- The paper introduces DiffMa, a diffusion model using a State-Space Mamba to improve CT to MRI conversion.
- Utilizing Spiral-Scan and soft masking, the model preserves spatial continuity and emphasizes critical tissue details.
- Experimental results on the SynthRAD2023 dataset show superior SSIM performance compared to CNN, ViT, and similar models.
Soft Masked Mamba Diffusion Model for CT to MRI Conversion
The paper "Soft Masked Mamba Diffusion Model for CT to MRI Conversion" (2406.15910) introduces an innovative framework focused on improving the conversion of CT images to MRI using a diffusion model named Diffusion Mamba (DiffMa). This framework employs a State-Space Model (SSM) termed Mamba, enhancing efficiency in generating high-fidelity MRI images from CT scans. The model addresses limitations like spatial continuity and cross-sequence attention, pivotal for medical imaging tasks.
Diffusion Mamba Framework
DiffMa replaces traditional CNN and ViT backbones with the Mamba model, leveraging linear computational efficiency and a global receptive field. The introduction of the Spiral-Scan and soft masking mechanisms allows this model to better preserve spatial continuity and focus on significant patches, essential in MRI generation where capturing intricate details is crucial.
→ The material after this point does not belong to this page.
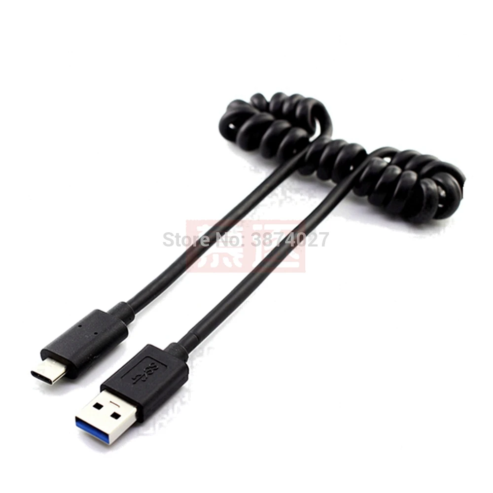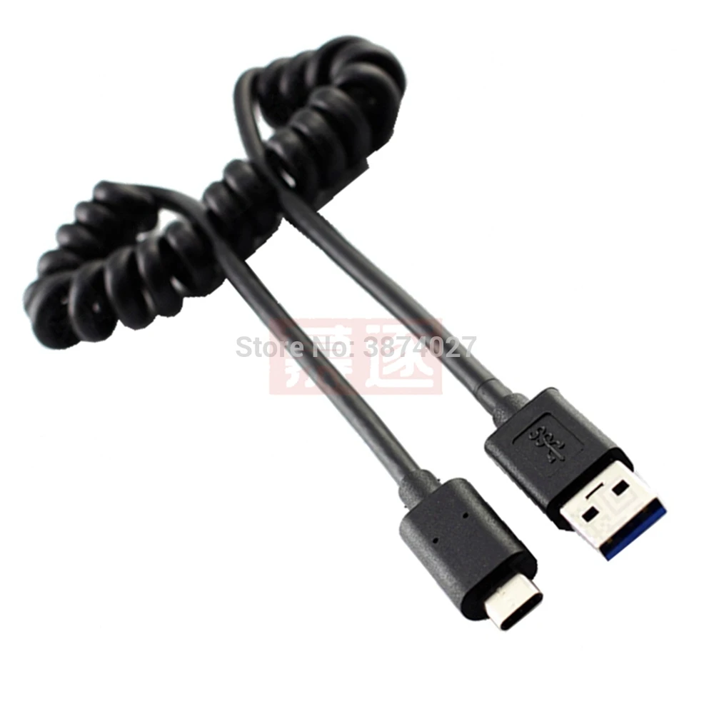USB-C 3,1 tipo C macho A USB 3,0 estándar A Cable de datos macho Cable elástico Para tableta y teléfono móvil Longitud: 100cm El conector tipo C es el nuevo diseño para USB 3,1 Diseño Reversible para conector tipo C Orientación Reversible del enchufe y dirección del Cable Soporta carga de energía escalable Para tableta, teléfono móvil y disco duro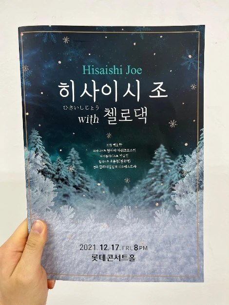 2021년 연말이 다가오고 있었다. 의미 있게 보낼 방법을 고민하다 공연 직관을 떠올렸고 첼로라는 단어가 들어간 공연명이 내 눈을 사로잡았다. 히사이시 조 with 첼로댁. 히사이시 조의 음악을 몰랐지만, 첼로댁 님에 대한 정보는 없었지만 첼로가 메인 공연이라는 사실 하나만으로 예매할 이유는 충분했다. 그렇게 롯데콘서트홀에 갈 날을 기다렸다.

DiffMa proves superior in handling 2D spatial inputs through its Spiral-Scan approach, maintaining the continuity of scanned sequences. The framework integrates Mamba with a soft mask module, incorporating Cross-Sequence Attention, which further refines the focus on critical tissue areas for CT to MRI conversion.
Figure 1: The Diffusion Mamba (DiffMa) framework. Left: The overall framework of Diffusion. Middle: Details of Mamba blocks. Right: Details of Mamba with Spiral-Scan.
Key Components
Spiral-Scan Mechanism
The Spiral-Scan strategy allows Mamba to manage spatial inputs effectively by maintaining spatial continuity during the sequence scan. This mechanism prevents disruption of spatial integrity when handling 2D patches, thus enhancing the model's ability to generate highly detailed MRI images.
Figure 2: The 2D Image Spiral-Scan. Eight schemes are employed to maintain structural information continuity.
Soft Mask with Vision Embedder
DiffMa incorporates a soft mask facilitated by a Vision Embedder, which produces token-level weights to prioritize patches vital for MRI generation. This component bridges the gap by focusing on the cross-sequence variation, allowing the model to emphasize more critical areas, thereby refining the image quality output.

Figure 3: Visualization of patch significance from latent pelvic images indicating importance through circle size and darkness.
Computational Efficiency
By using SSMs, specifically the Mamba model, DiffMa achieves a linear complexity conducive to processing long sequences efficiently. In contrast with architectures based on CNNs and ViTs, DiffMa maintains a manageable computational overhead while retaining a global understanding, beneficial for producing high-quality medical images.
Experimental Results
The effectiveness of DiffMa was validated on the SynthRAD2023 dataset, focusing on converting CT to MRI for brain and pelvic scans. Compared to other models such as LDM, DiT, and various Mamba-based architectures, DiffMa demonstrated superior performance, particularly through SSIM metrics, highlighting its capability in maintaining structural integrity and detail.
(Figure 4 and Figure 5)
Figure 4: Visualizations of brain CT to MRI conversion. DiffMa outperformed in structural preservation.
Figure 5: Visualizations of pelvis CT to MRI conversion showcasing enhanced detail fidelity.
Conclusion
Diffusion Mamba represents a significant advancement in medical image synthesis, notably in CT to MRI conversion, by leveraging Mamba's efficient processing and innovative scan and attention mechanisms. Future directions may involve exploring more complex conditions and expanding the adaptability of the Mamba for diverse medical imaging tasks, potentially enhancing diagnostic methodologies through efficient, high-quality image generation.